At each sampling time tears were collected from at least four birds using the following two methods.
Micropipette (fluid)
Tears were allowed to accumulate before being carefully collected by a pipette. The fluid was immediately placed in 1.5 ml microfuge tubes, and stored at −70°C.
Filter paper
Accumulated tears were absorbed onto a Whatman number 1 filter paper and the absorbed area was marked with a pencil. Thereafter the papers were treated in a similar manner as for the blood-spot filter papers described previously (Brugh & Beard, Citation1980; Ambali & Jones, Citation1991). The papers were dried at 37°C for 2 h, and were then placed in airtight plastic bags, which were sealed and stored at 4°C until used (Brugh & Beard, Citation1980; Ambali & Jones, Citation1991).
Detection of antibodies
Tears collected by pipettes or on filter paper were processed as described in the following for testing by enzyme-linked immunosorbent assay (ELISA).
Pipette (fluid)
Samples were thawed prior to the assay and diluted 1:10 in phosphate-buffered saline (Dhinakar Raj & Jones, Citation1996), and 50 μl was used in the ELISA.
Filter papers
These were prepared as described by Thangavelu et al. (Citation2000). Briefly, after absorbing tears, 5 mm diameter discs were cut from the filter paper using a hand punch. Two discs from each sample were placed in a well of a flat-bottomed 48-well plate, and eluted with 100 μl phosphate-buffered saline (pH 7.2). For elution, the plate was placed on a shaker for 2 h at room temperature and thereafter left static at 4°C overnight. ELISAs were performed the next day using 50 μl eluted supernatant of each sample.

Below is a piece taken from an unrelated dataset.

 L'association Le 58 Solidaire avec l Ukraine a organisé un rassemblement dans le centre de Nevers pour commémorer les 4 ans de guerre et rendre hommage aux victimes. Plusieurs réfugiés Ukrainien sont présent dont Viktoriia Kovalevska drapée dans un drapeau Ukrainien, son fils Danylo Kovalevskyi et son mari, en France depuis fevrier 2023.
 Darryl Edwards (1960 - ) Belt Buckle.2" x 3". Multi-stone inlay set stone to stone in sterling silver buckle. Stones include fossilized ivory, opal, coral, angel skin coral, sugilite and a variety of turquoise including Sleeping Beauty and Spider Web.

IBV-specific IgA and IgG in tracheal washes were assayed using an indirect ELISA (Dhinakar Raj & Jones, Citation1996), except that the plates were coated with partially purified IBV M41 antigen. This was done by ultracentrifugation at 20 000×g for 90 min of previously clarified allantoic fluid from eggs inoculated with IBV 48 h previously. The resulting pellet was washed and resuspended in phosphate-buffered saline (pH 7.2). The virus suspension was overlaid onto 25% sucrose and ultracentrifuged at 20 000×g for 3 h. The pellet was then washed and resuspended in phosphate-buffered saline, aliquoted and stored at −70°C until use. Monoclonal antibodies to the immunoglobulins were kindly provided by Dr T.F. Davison (Institute for Animal Health, Compton, Newbury, UK). Corrected optical density values were calculated by deducting the optical density values of non-antigen-coated wells from those of the test wells (Fournier-Caruana et al., Citation2003). The mean antibody corrected optical density values were compared using a Students t test.
Results
Observations on methods of induction and collection of tears
Excess lachrymation was successfully induced by carbachol injection and salt application, but the latter usually elicited a greater volume of tears within a shorter period of time. Approximately 200 to 400 μl and 100 to 200 μl could be collected using the salt and carbachol methods, respectively. In addition, if needed, more tears could be induced with further application of salt, but this was not possible with carbachol as excessive salivation resulted in difficulty in breathing. Induction of hypersalivation made tear collection more difficult in view of possible contamination of the tears due to frequent head-shaking. Furthermore, as carbachol need to be injected intramuscularly, it stimulated a systemic effect, so excessive lachrymation was concurrently produced in both eyes. This was inconvenient, as it was difficult to collect tears from both eyes at the same time. This was not a problem with salt, as tears were produced only with local application to each eye.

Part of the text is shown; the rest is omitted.